▸ DATA SECTION:
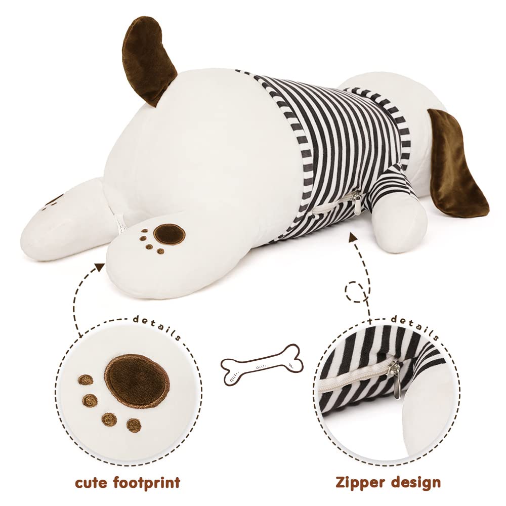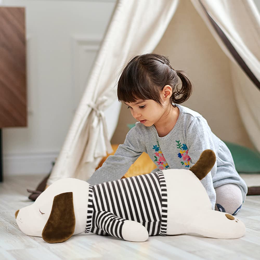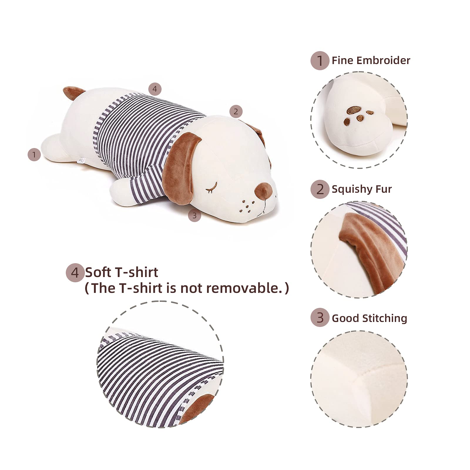 【Incredibly Soft Material】: Our Plush Puppy Stuffed Animal is crafted from high-quality, super-soft plush material that provides a delightful touch, perfect for cuddling and comforting. This adorable toy dog serves not just as a plushie but also doubles as a warm, huggable pillow, offering ultimate comfort.
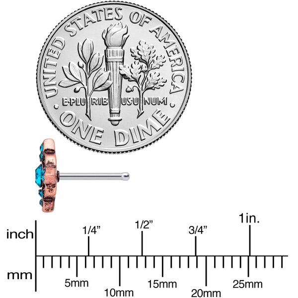 20 Gauge 1/4 Aqua Gem Rose Gold Tone Renaissance Nose Bone
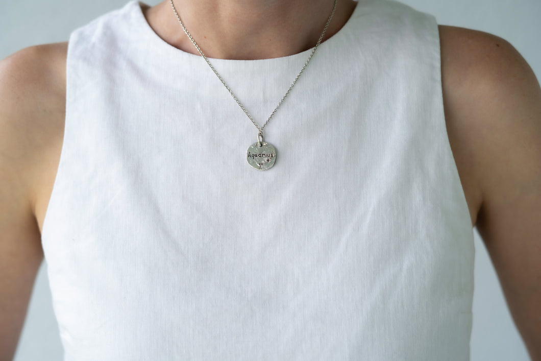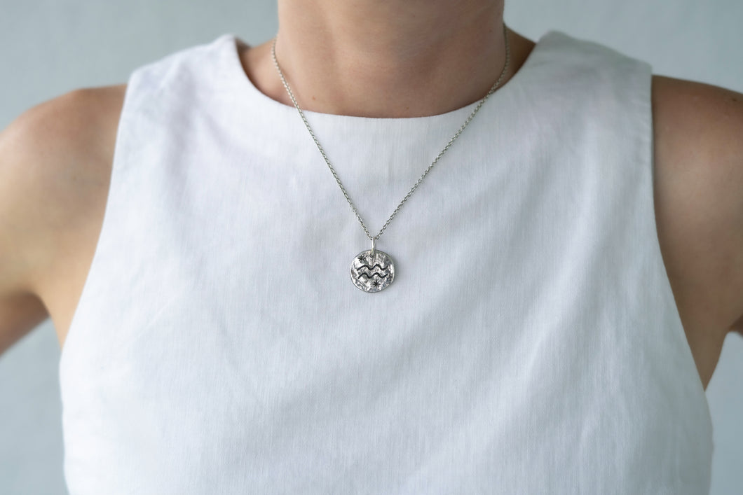 Crafted in .925 sterling silver, the Aquarius glyph flows like waves of air and water, surrounded by stars of cosmic innovation.

▸ TASK TO COMPLETE:
The result is an exact copy of the lines from the one holding "20 Gauge 1/4" through the final line of the data above, both ends included, minus the pictures.

▸ PROBLEM SOLUTION:
 20 Gauge 1/4 Aqua Gem Rose Gold Tone Renaissance Nose Bone
 Crafted in .925 sterling silver, the Aquarius glyph flows like waves of air and water, surrounded by stars of cosmic innovation.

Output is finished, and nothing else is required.